Гордей Семенович Саблуков или «Гордей бабай», так называли его татары - мусульмане, своим ученым богажем изумлял как студентов академии, так и ученых из числа татар. Н.Н.Писарев писал: «Последние называли Гордей-бабая, за ученость праведную жизнь, мучтагидом - усиливающийся, борящийся за веру против неверных, законоведец, стремящийся растолковать трудные вопросы религии, и таза – чистый, праведный человек»[443].
Его перу принадлежит один из подстрочных переводов Корана.(1878 Казань) В его переводе Коран на русском языке в печатном виде был издан в россии впервые. В 1879 г. вышел его анотированный указатель к Корану «Приложения к переводу Корана».
Труд Г.С. Саблукова «Сличение мухамеданского учения об именах божьих с христианским о них учением» (Казань, 1873) не только обратило на себя внимание местных мусульман, но даже произвело сенсацию в Константинополе, и вызвало разные легендарные рассказы об авторе сочинения.
Г.С.Саблуков был очень деятельным профессором. Часто посещал Центраьную крещено-татарскую школу, мусульманские медресе, где разговаривал с мударисами и шакирдами, ездил по татарским деревням. «Кабинет его был аудиторией миссионеров, которые посещали его и своего рода просветительно-миссионерским центром», - отмечал Н.Н.Писарев[444].
Как мы уже писали, изменение стилей миссионерской деятельности было вызвано к жизни массовым отходом крещёных инородцев в ислам или в язычество. Поэтому власти вновь обратили свое внимание на перевод богослужебных книг. Пятого февраля 1847 года обер-прокурор граф Протасов поручает Казанской духовной академии заняться переводами на татарский язык богослужебных книг "с тем, чтобы можно было учредить православное на сём языке богослужение для татар, принявших православную веру ".
Таким образом, в конце сороковых годов XIX века был взят новый курс на организацию переводов богослужебных книг с русского на татарский язык. Этот период П. Знаменский назвал "казимбековским периодом христианизации татар". В августе 1847 года была создана рабочая группа под руководством ректора Казанской духовной академии архимандрита Григория (который не знал татарского языка и давал советы только с богословской стороны) и профессоров А.К. Казимбека, Н.И. Ильминского, Г.С. Саблукова. За короткий срок были переведены : "Литургия Иоанна Златоуста с чином обедницы" (Казань 1850), "Часослов" (Казань 1852), "Четыре Евангелия" (Спб.1855), "Деяния посланий Апостольских" (Спб.1860), "Пространный Катехизес" (Спб.1862), "Псалтырь" (1868).[445] За заслуги в деле христианизации татар Поволжья 24 марта 1855 года профессор Казимбек был награждён орденом св. Станислава первой степени.[446]
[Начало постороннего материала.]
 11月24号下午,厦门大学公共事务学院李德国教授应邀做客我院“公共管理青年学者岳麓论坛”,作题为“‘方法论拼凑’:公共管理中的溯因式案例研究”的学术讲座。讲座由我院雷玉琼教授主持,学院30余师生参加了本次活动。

Эти книги стали основными учебными пособиями во всех миссионерских учебных завдениях страны до начала ХХ века, но понятны они были только узкому кругу образованных татар. Дело в том, что данные книги были напечатаны арабским шрифтом. Миссионеры - русификаторы узрели в этом факте большую опасность. Крящнггый татарин умеющий читать и писать на арабском шрифте, мог попасть под влияние татаро-мусульманской культуры, и идеологии. Тогда процессы акультурации кряшен были бы более проблематичны.
Переводы на татарский язык стали матрицами для переводов на другие языки нерусских народов. Предотвращая «татаризацию» башкир и казахов, Перводческой комиссией были переведены на казахский язык 33 книги (общим тиражем 42645 экз.) на башкирский язык 10 книг (тиражем 11000 экз.). К концу века на татарском языке было издано 66 книг с общим тиражем 403 750 экз.
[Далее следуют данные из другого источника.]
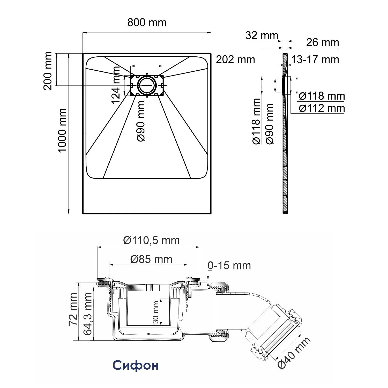 Диаметр слива канализации, мм

В 1856 году было принято решение использовать эти переводы на практике. С этой целью в сёла, где жили крещеные татары, был отправлен в командировку Н. Ильминский. Вернулся он с этой поездки с полным убеждением, что переводы опять никуда не годятся. Дело в том, что переводы опять были сделаны на литературном татарском языке, этот язык был непонятен простому народу. Ильминскому пришла в голову идея переделать всё сделанное, т.е. постараться переделать переводы под современный разговорный татарский язык и прекратить печатать богослужебные книги на арабском шрифте. Как пишет профессор Знаменский " с начала шестидесятых годов начался новый период христианского просвещения татар, период Н.И. Ильминского."
Во второй половине 60-х годов ХIХ века во время массовых отпадений крещеных татар в ислам Ильминского, как главного специалиста по противомусульманской полемике привлекали к антимусульманской пропаганде во время усмирения бунтов. Как пишет Г. Шарифуллина: «Вместе с конными казаками в Елыш приехали вице – губернатор Е.А.Розов, преподаватель Казанской духовной академии известный миссионер Н.И.Ильминский и судебный следователь Пеккер. Допросы длились 3-4 часа. Мужчин изо всех сил сопротивлявшихся, не желая снимать тюбетейки, стегали плетьми, а для женщин с берегов Меши принесли ивовые прутья».[447]Ильминский после этих командировок всё больше убеждался в бесполезности метода «противомусульманской полемики».
Ильминский принялся создавть принципиально новые миссионерские конфессиональные школы. В качестве учителей он стремиля использовать исключительно людей из числа инородцев, пропитанных идеями христианской нравственности и морали. Считая татар людьми в нравственном отношении более чистыми, он стремился не допускать в учебные заведения, готовящих учителей для инородческих школ русских учеников. Основную ставку он делал на старокрещеных татар, поскольку влияние мусульман на них было меньше, и как пишет Р.Исхаков « одной из главных причин этого положения было сохранение у них древних «языческих» культов»[448].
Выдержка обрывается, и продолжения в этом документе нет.